L’une des raisons les plus simples pour lesquelles il est déconseillé de vomir après l’ingestion d’un poison est que ce n’est pas très efficace. Si une personne pense que les vomissements ont éliminé le poison de son organisme, elle sera peut-être moins susceptible de consulter un médecin. Une étude réalisée en 2003 a révélé que l’utilisation de l’ipéca – un médicament émétique précédemment recommandé pour les enfants – n’améliorait pas les résultats en cas d’ingestion de poison.
Mythe : Les vomissements vous aideront à dégriser
Nous savons tous qu’il est judicieux de prendre les choses doucement pendant une séance de beuverie, de boire un verre d’eau entre chaque verre et de siroter lentement notre boisson préférée.
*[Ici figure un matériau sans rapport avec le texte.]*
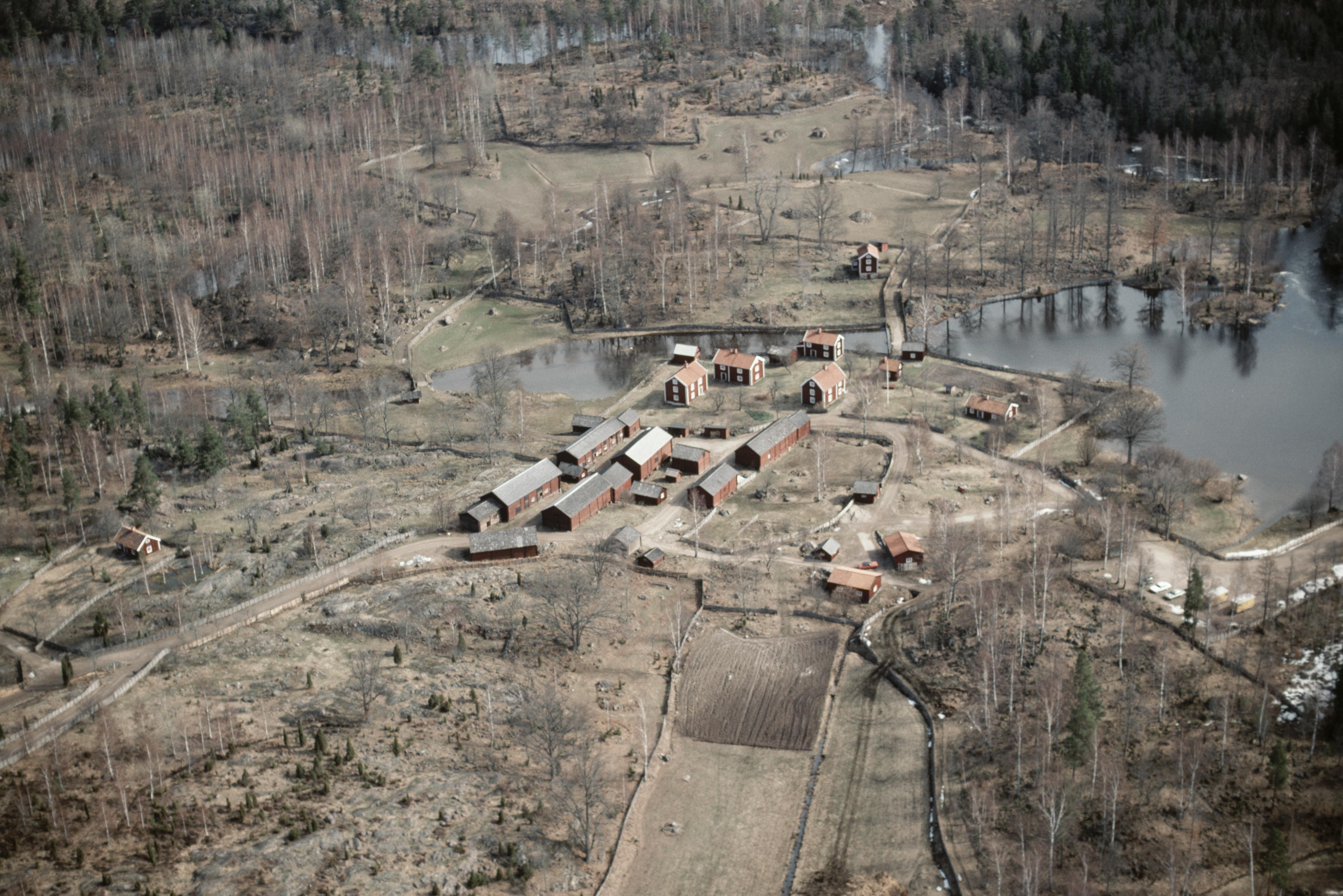 Beskrivning: Stensjö by, en oskiftad klungby och kulturreservat RAÄnr Döderhult 386:1. Bilden är tagen mot (väderstreck): NO

Dans la pratique, cela ne se produit pas toujours ainsi, et un mythe largement répandu veut que les vomissements puissent éliminer l’alcool et aider à prévenir la gueule de bois, ou même vous permettre de boire encore plus. Ce n’est pas vrai et croire à ce mythe peut conduire à des comportements à risque autour de l’alcool.
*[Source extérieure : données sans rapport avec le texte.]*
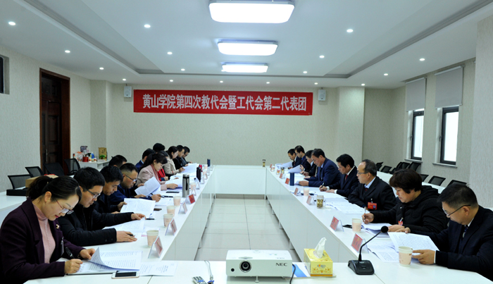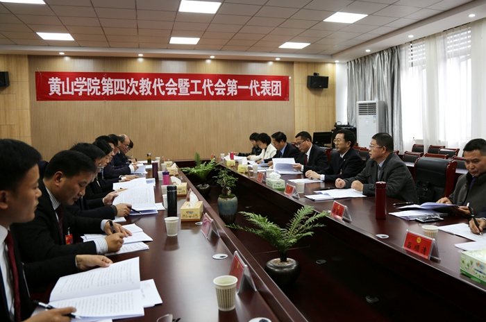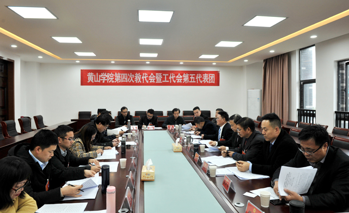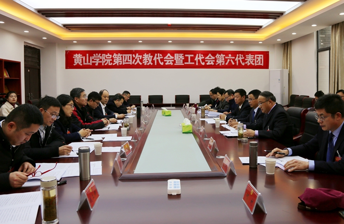 12月30日下午,根据黄山学院第四次教职工代表大会暨工会会员代表大会日程安排,7个代表团在大会秘书处指定的地点认真讨论审议《学校工作报告》《工会工作报告》《2019年财务预算执行情况和2020年财务预算报告》,讨论《<学校工作报告>决议(草案)》《<工会工作报告>决议(草案)》,酝酿教代会执委会、工会委员会委员候选人名单、工会经费审查委员会委员候选人名单、讨论《选举办法(草案)》。校领导汪枫、胡家俊、胡善风、刘英旺、张德学、陈家祥分别到各自代表团参与讨论,倾听代表意见。

Lorsque vous buvez de l’alcool – une boisson standard étant d’environ 12 onces de bière ou 1,5 once de vodka ou de whisky – il est absorbé dans votre circulation sanguine en 10 minutes environ. Se forcer à vomir ne fait absolument rien à l’alcool qui a déjà pénétré dans votre sang et a donc un effet intoxicant. Au lieu de cela, l’individu peut se sentir mieux qu’avant, lui permettant de continuer à boire en excès avec un estomac désormais vide, ce qui signifie que l’alcool sera absorbé encore plus rapidement. En effet, les vomissements tactiques en buvant pourraient finir par provoquer une gueule de bois pire le lendemain, si davantage d’alcool est consommé après l’incident de vomissement.
Faire vomir en état d’ébriété peut avoir des répercussions dangereuses, notamment une forme de pneumonie si des vomissements acides pénètrent accidentellement dans les poumons. Dans des cas extrêmes, cela peut être fatal. Même dans le meilleur des cas, les vomissements vous déshydrateront davantage en plus des effets de l’alcool, vous laissant une sensation de malaise le lendemain matin.
Mythe : Le sang brun dans les vomissures n’est pas aussi grave que le sang rouge
Voir du sang dans les vomissures sera toujours alarmant, mais il existe une croyance selon laquelle vous pouvez dire à quel point c’est inquiétant à la couleur. L’hématémèse, le processus de vomissement de sang, est souvent rouge vif ou brun foncé, mais les deux peuvent représenter quelque chose de grave nécessitant des soins médicaux.
Les vomissements moulus de café sont des vomissements brun foncé ou presque noirs qui ressemblent à du marc de café. Beaucoup de gens pensent que c’est moins préoccupant que du vomi rouge vif, car il représente du vieux sang plutôt que du sang frais. Cependant, sa présence signifie qu’il y a eu un saignement interne quelque part et peut encore être le signe de quelque chose de sinistre. La couleur foncée signifie que le saignement s’est arrêté, au moins temporairement, mais cela signifie aussi qu’il y a eu un saignement qui pourrait très bien réapparaître. Dans une étude de 2018, les chercheurs ont découvert que les vomissements sanglants n’étaient pas associés à des taux plus élevés de saignements graves ou de mortalité par rapport aux vomissements moulus de café.
Les causes possibles de vomissements brun foncé incluent une déchirure de l’œsophage, un ulcère hémorragique ou même un cancer, qu’un professionnel de la santé prendrait très au sérieux. Bien que du sang frais et rouge vif puisse sembler plus préoccupant, tout sang dans les vomissures constitue une situation médicale aiguë et doit faire l’objet d’une enquête appropriée.